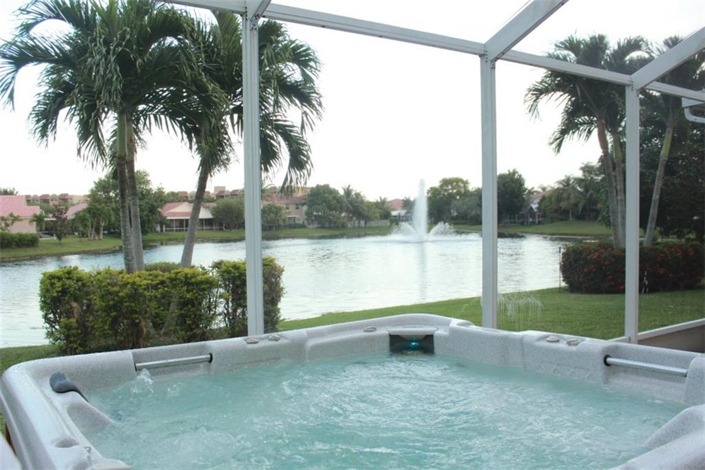 Immaculate overseeing a beautiful lake!! 4/2.5 home Screened patio, with outdoor SPA Jacuzzi. Accordion shutters, impact resistant doors & windows. Oversized Master Bedroom. Wood floors throughout w/SS appliances on a designer Italian kitchen. Gas stove/Gas Water Heater. Basic Comcast Cable included in HOA fee. Master suite w/5 closets, 2 sinks & separate roman tub/Jacuzzi & shower. Multiple rooms overlook big lake including master. Bonaventure Town Center Club w/pools, gym, bowling, tennis, racquetball.
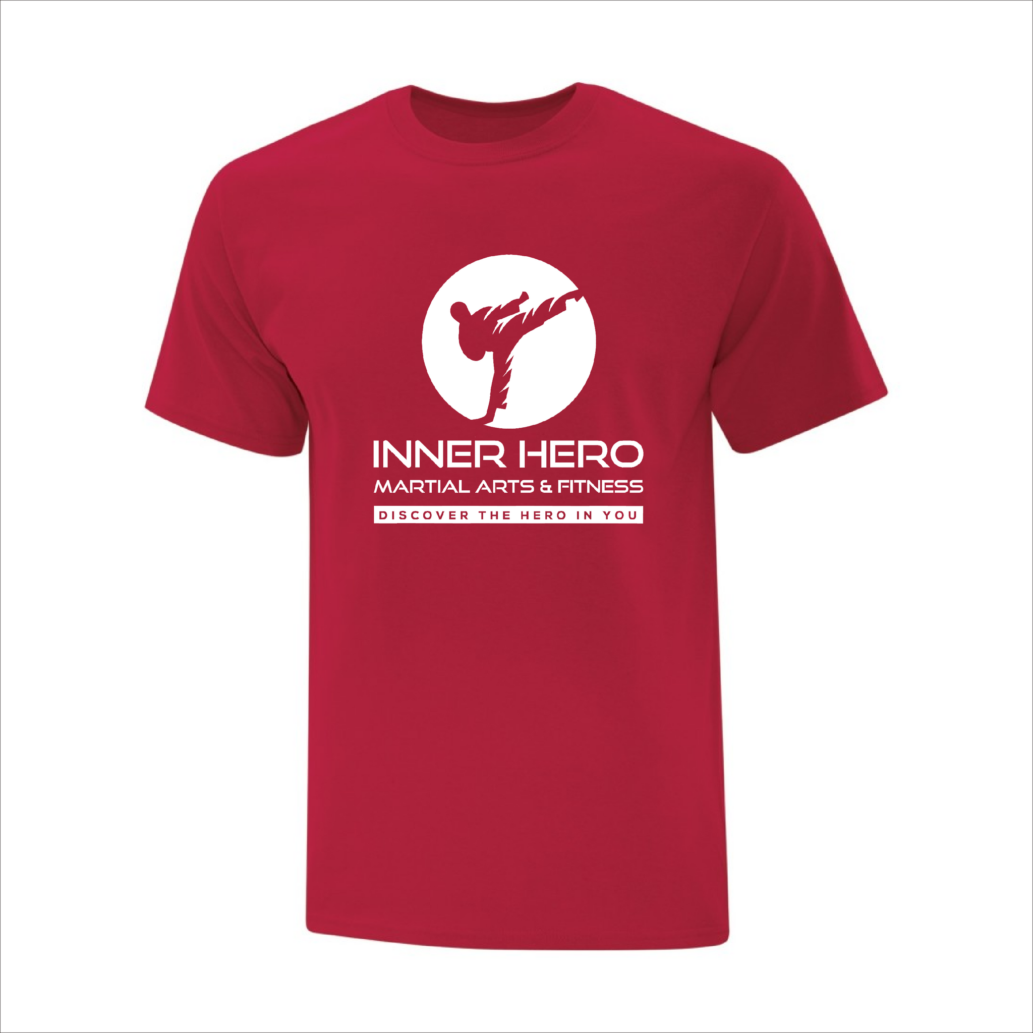 Comes with the Inner Hero Martial Arts logo printed on the front of the shirt and the slogan printed on the back.
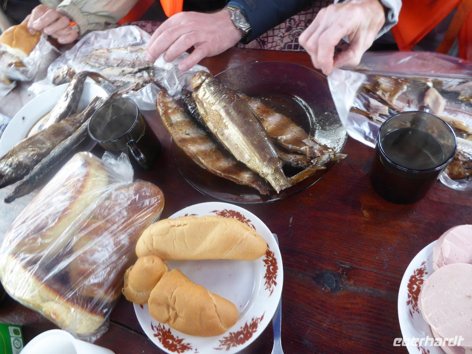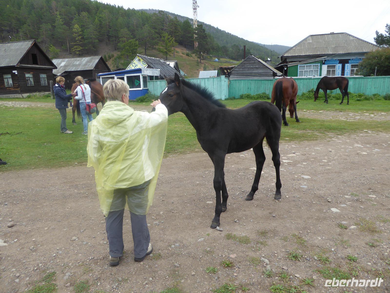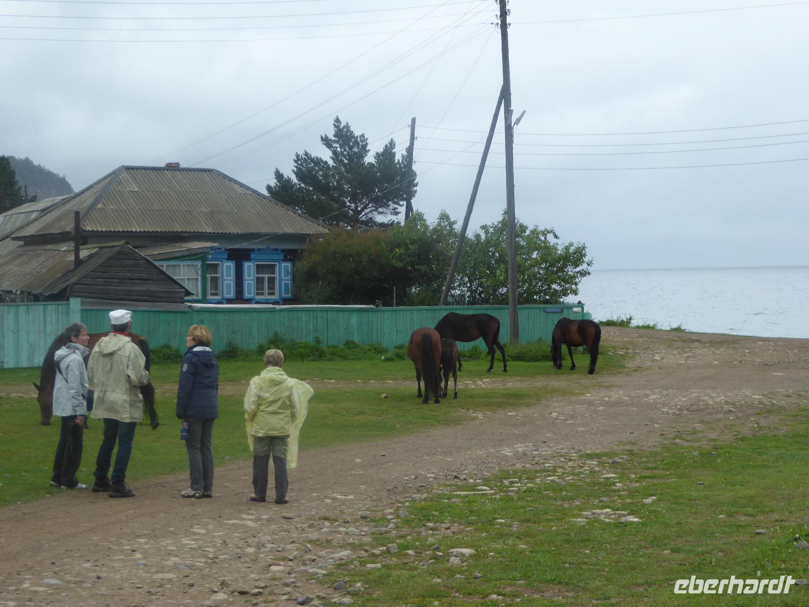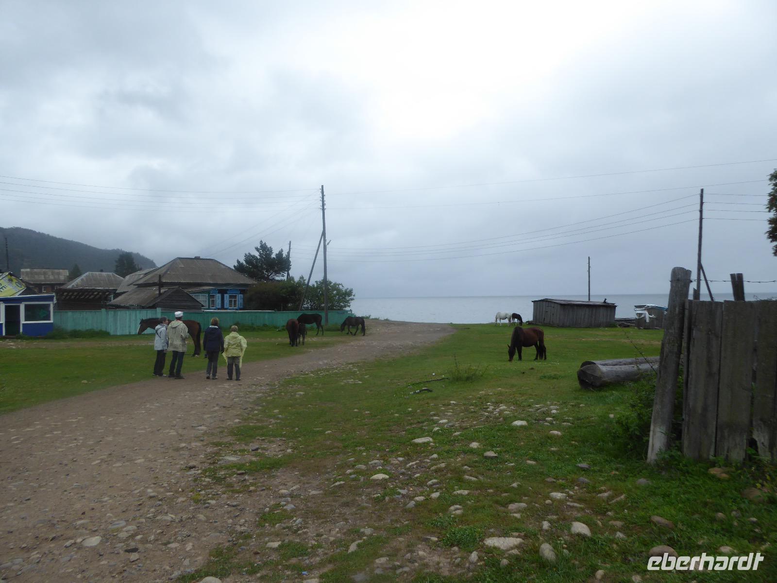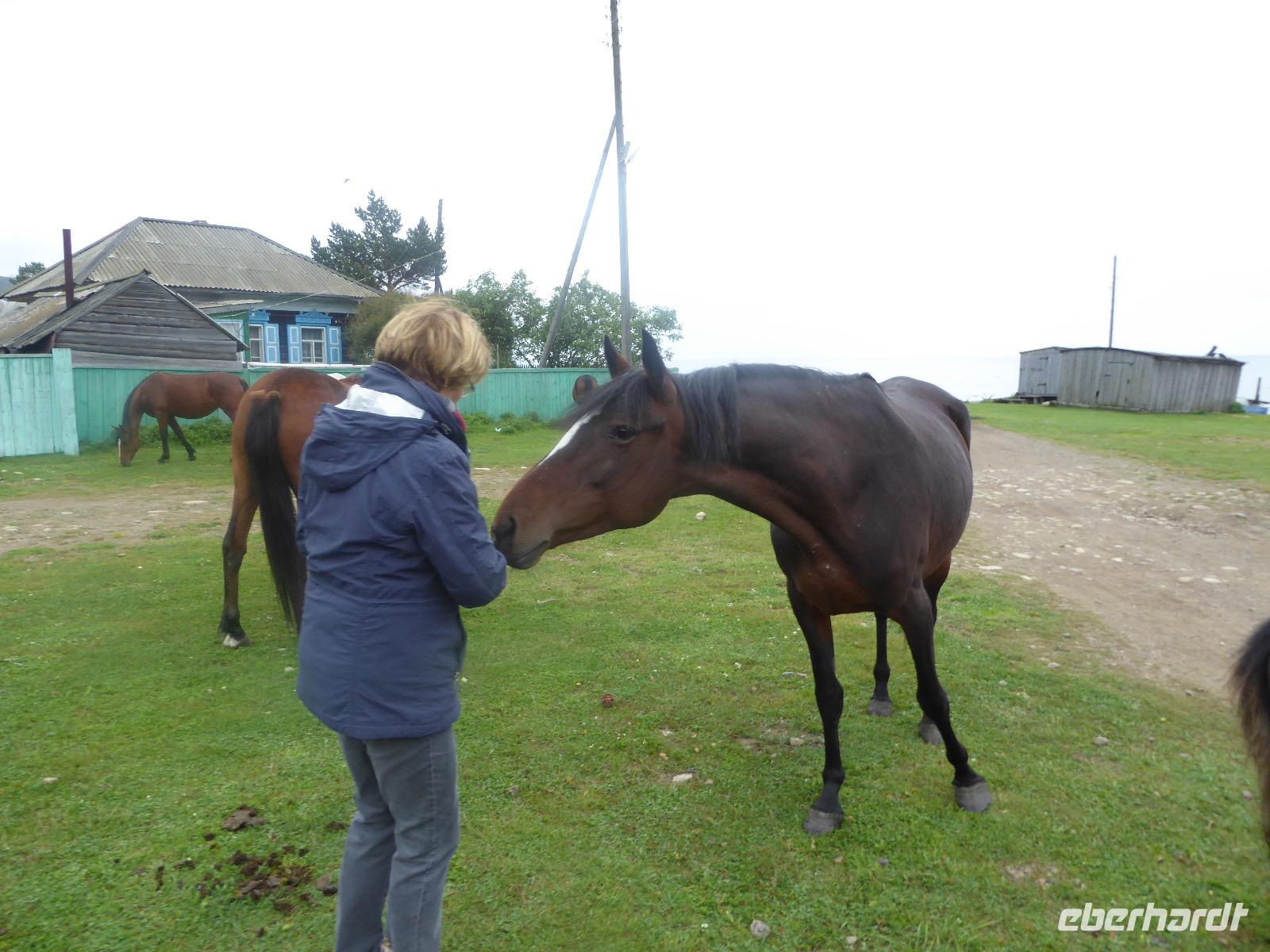 Wer will mit zum Fischmarkt? Fragt Tanja. Fast alle sind dabei. Erwartet wird ein kleiner Spaziergang endend in einem großen Erlebnis. Der Nieselregen ist fies. Bald sind wir durchnässt. Nach einer halben Stunde regt sich der erste Protest. Tanja, wie weit noch? Noch zehn Minuten... Tanjas zehn Minuten. Wir kommen am Fischmarkt an. Kaum jemand ist dort. Kein Wetter für Markt. Nur ein paar wenige Frau bieten Fisch an, ein Mann beschäftigt sich damit, einen eisernen Ofen anzufeuern. Tanja ruft Taxis für den Rückweg. Ein bisschen Zeit, sich frisch zu machen und unser Gepäck wird vom Zimmer abgeholt. Mit dem Taxi fahren wir zum Hafen. Über eine Leiter müssen wir unser Gepäck balancieren, die Männer übernehmen das bravourös. Die EISBERG, so heißt unser Schiff, wird uns in fünf Stunden über den Baikalsee nach Bolschoje Goloustnoje bringen. Kaum sind alle Passagiere und alle Koffer an Bord, beginnt unsere abenteuerliche Seefahrt. Die Wellen sind recht hoch und unser Schiffchen wackelt bedenklich. Jeder muss eine Rettungsweste anziehen, anschließend bekommen wir Decken, denn es ist doch recht kalt. Der Tisch wird gedeckt. Schwarzbrot und Brötchen, Butter und Käse, Wurst, Sardinen in Tomatensoße. Dazu Tee. Tanja kocht und deckt unermüdlich den Tisch. Wir lassen es uns schmecken. Den ersten Stopp legen wir an der Bucht der Großen Katze bzw. Fischfalle ein. Tanja erklärt uns die einheimische Tierwelt. Nach zehn Minuten Fußweg ist ein Dorf zu sehen. Zwischen uns und dem Dorf ein Fluss. Zu breit und zu kalt, um ihn ohne Brücke zu überqueren, denn die ist kaputt. Wir laufen am Flussbett entlang und finden eine richtige steinerne Brücke. So gelangen wir ins Dorf. Freilaufende Pferde erwecken unsere Aufmerksamkeit. Sie sind zutraulich und erwarten Futter. Im Konsum kaufen wir Brot und Wodka. Das Brot für die Pferde, den Wodka für uns. Zurück an Bord gibt es den warm geräucherten Omul, den Tanja für uns auf dem Fischmarkt eingekauft hat. Im Pribalski Naturreservat legen wir den zweiten Stopp ein. Eine Stunde haben wir Zeit, zu wandern, die Natur zu genießen und uns an den Blümchen zu erfreuen. Aber erst will der Rancher die Erlaubnis sehen, die wir haben, um den Park zu besuchen. Auf dem Rückweg fordert der Baikalsee uns alles ab. Das Wasser klatscht in hohem Bogen ins Schiff. Rucksäcke, Hosen und viele Füße sind nass. Es stürmt und unser Schiff ist dem Willen der Natur ausgeliefert und wir damit auch. Trotzdem wird niemand seekrank. Wir sind froh als wir pünktlich in Bolschoje Golustnoje ankommen. Soja erwartet uns mit einem Auto, in das das ganze Gepäck passen soll. Wir bezweifeln das, werden aber eines Besseren belehrt. Das Gepäck fährt, wir laufen. In zwanzig Minuten erreichen wir Gasthaus Nummer 1. Galina ist die Gastgeberin. Sechs Gäste und Tanja bleiben hier. Die anderen laufen zehn Minuten weiter zum Gasthaus Nummer 2. Dieses gehört Soja, das Nachbarhaus ihrer Tochter Anna. Die Banja ist geheizt. Wir nehmen uns die Zeit, uns mit Birkenzweigen zu malträtieren und lernen, wie entspannend das ist. Wolodja, der Sohn von Anna bringt die Gäste von Haus Nummer 2 nach Haus Nummer 1, denn dort gibt es Abendessen. Bei einem Stopp am Magasin kaufen wir Wodka, um uns den Abend zu versüßen. Zum Abendessen gibt es Krautsalat, Reisbrei und einen Fleischklops. Und viel Wodka. Später fährt Wolodja die Gäste von Haus Nummer 2 zurück. Gute Nacht.
======
> _WHAT YOU ARE ASKED TO DO_: Restate the material word for word from its first line through the line containing "Comes with the", both included; the pictures do not belong in it.

> _SOLVED PROBLEM_:
 Immaculate overseeing a beautiful lake!! 4/2.5 home Screened patio, with outdoor SPA Jacuzzi. Accordion shutters, impact resistant doors & windows. Oversized Master Bedroom. Wood floors throughout w/SS appliances on a designer Italian kitchen. Gas stove/Gas Water Heater. Basic Comcast Cable included in HOA fee. Master suite w/5 closets, 2 sinks & separate roman tub/Jacuzzi & shower. Multiple rooms overlook big lake including master. Bonaventure Town Center Club w/pools, gym, bowling, tennis, racquetball.
 Comes with the Inner Hero Martial Arts logo printed on the front of the shirt and the slogan printed on the back.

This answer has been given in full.